Extracted data entries
------------------------------------------------------------------------

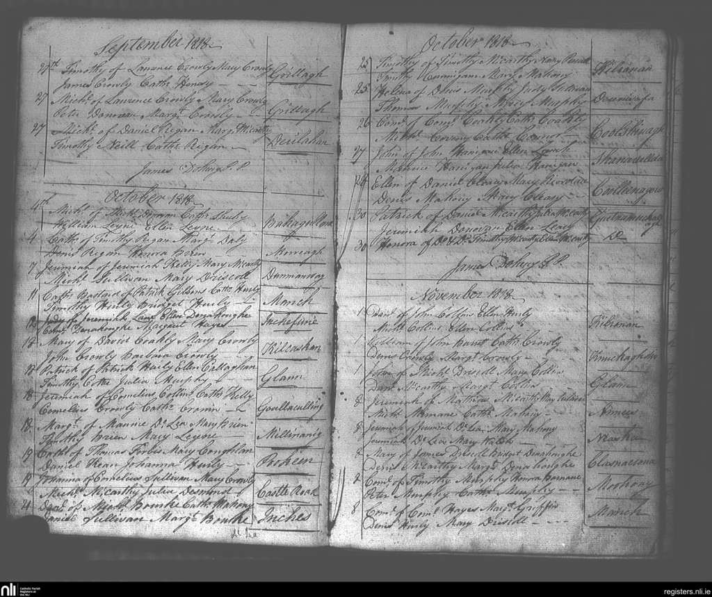 Dunmanway; County of Cork; Diocese of Cork and Ross. Baptisms, Sep. 1818 to Nov. 1818
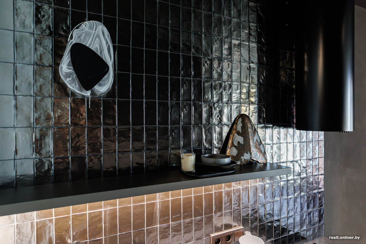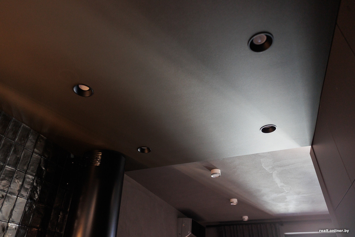 Первое впечатление, возникающее при входе в квартиру, — темно, интимно, загадочно. При желании можно полностью включить освещение, но именно точечно горящие светильники позволяют полностью погрузиться в космическую одиссею.
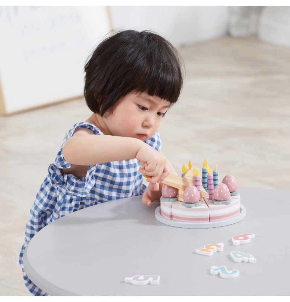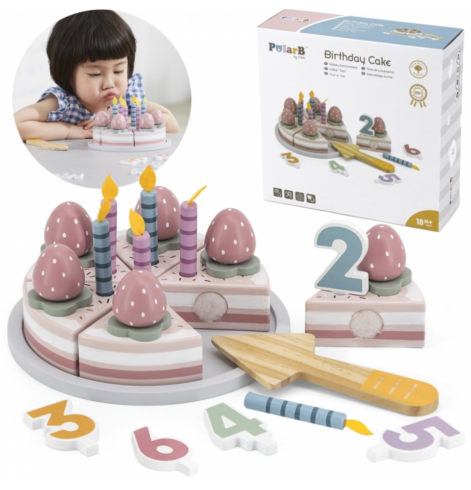 Saugus ir kūrybingas medinis pjaustomas tortas iš „Viga“. Tortą sudaro 6 torto gabalėliai, 5 mediniai skaičių kaladėlės, nuimamos žvakės, dekoratyvinės braškės, lėkštė ir medinė mentelė. Šis tortas yra aukščiausios klasės žaislas, kuris tarnaus ilgai ir suteiks jūsų vaikui daug metų įdomių ir kūrybiškų žaidimų. Spalvingas tortas yra vizualiai patrauklus ir skatina žaisti. Šis žaislas suteiks nuostabių pramogų meškiuko, lėlės ar ikimokyklinio amžiaus draugo gimtadienio vakarėlyje.
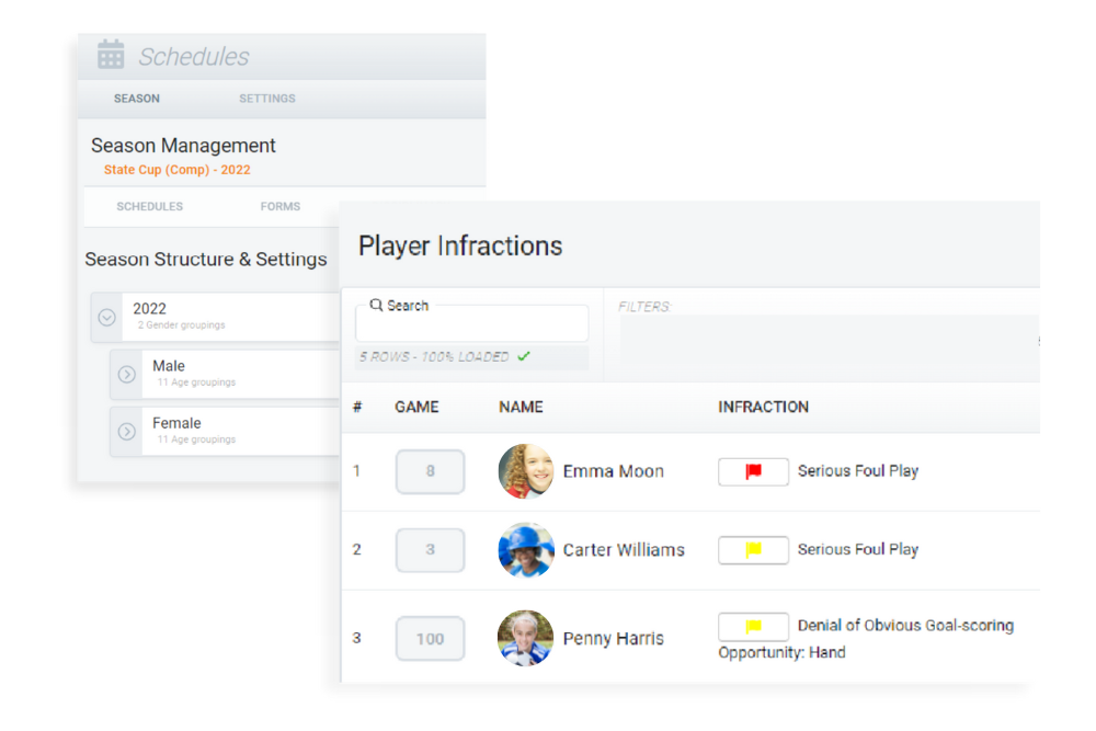 A great way to measure team and staff participation in games, as well as keep track of scores, is to compile post-match reports. Demosphere’s built-in reporting tools give a detailed breakdown of players, teams, and staff, as well as scoring. Then admins can take that one step further with our fully-customizable form builder to collect and report on important information such as player infractions, injuries, or other relevant custom data points, which can be completed by both team staff and officials.
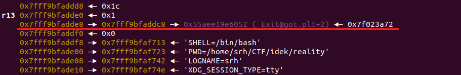 而在程序中 free 函数在 printf之后 ,而 printf 存在格式化字符串漏洞,在正常模式下调试程序,可以发现 _Exit 函数结束后就是 main 的地址了,所以想法是改变 _Exit 的 .got.plt 处的内容使得程序可以一直循环执行。观察到 _Exit 与 free 的偏移差 0x38 ,所以我们可以修改在栈上的 link_map 指向的 l_addr 为 textaddr+0x38 ,这样 free 复写 .got.plt 时写的是 textaddr+0x38+0x4018=textaddr+0x4050
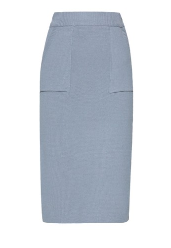 Among 的韓系時尚貼合袋針織及膝裙,採羊毛混紡及針織結構標準裁剪,簡約裙身配以二個貼合側口袋,是秋天保暖的休閒時尚單品。

------------------------------------------------------------------------

THE TASK - An exact copy is needed of the lines running from the one with "Первое впечатление, возникающее" through the end of the data above, and of those lines only, without pictures.

PROBLEM SOLUTION -
 Первое впечатление, возникающее при входе в квартиру, — темно, интимно, загадочно. При желании можно полностью включить освещение, но именно точечно горящие светильники позволяют полностью погрузиться в космическую одиссею.
 Saugus ir kūrybingas medinis pjaustomas tortas iš „Viga“. Tortą sudaro 6 torto gabalėliai, 5 mediniai skaičių kaladėlės, nuimamos žvakės, dekoratyvinės braškės, lėkštė ir medinė mentelė. Šis tortas yra aukščiausios klasės žaislas, kuris tarnaus ilgai ir suteiks jūsų vaikui daug metų įdomių ir kūrybiškų žaidimų. Spalvingas tortas yra vizualiai patrauklus ir skatina žaisti. Šis žaislas suteiks nuostabių pramogų meškiuko, lėlės ar ikimokyklinio amžiaus draugo gimtadienio vakarėlyje.
 A great way to measure team and staff participation in games, as well as keep track of scores, is to compile post-match reports. Demosphere’s built-in reporting tools give a detailed breakdown of players, teams, and staff, as well as scoring. Then admins can take that one step further with our fully-customizable form builder to collect and report on important information such as player infractions, injuries, or other relevant custom data points, which can be completed by both team staff and officials.
 而在程序中 free 函数在 printf之后 ,而 printf 存在格式化字符串漏洞,在正常模式下调试程序,可以发现 _Exit 函数结束后就是 main 的地址了,所以想法是改变 _Exit 的 .got.plt 处的内容使得程序可以一直循环执行。观察到 _Exit 与 free 的偏移差 0x38 ,所以我们可以修改在栈上的 link_map 指向的 l_addr 为 textaddr+0x38 ,这样 free 复写 .got.plt 时写的是 textaddr+0x38+0x4018=textaddr+0x4050
 Among 的韓系時尚貼合袋針織及膝裙,採羊毛混紡及針織結構標準裁剪,簡約裙身配以二個貼合側口袋,是秋天保暖的休閒時尚單品。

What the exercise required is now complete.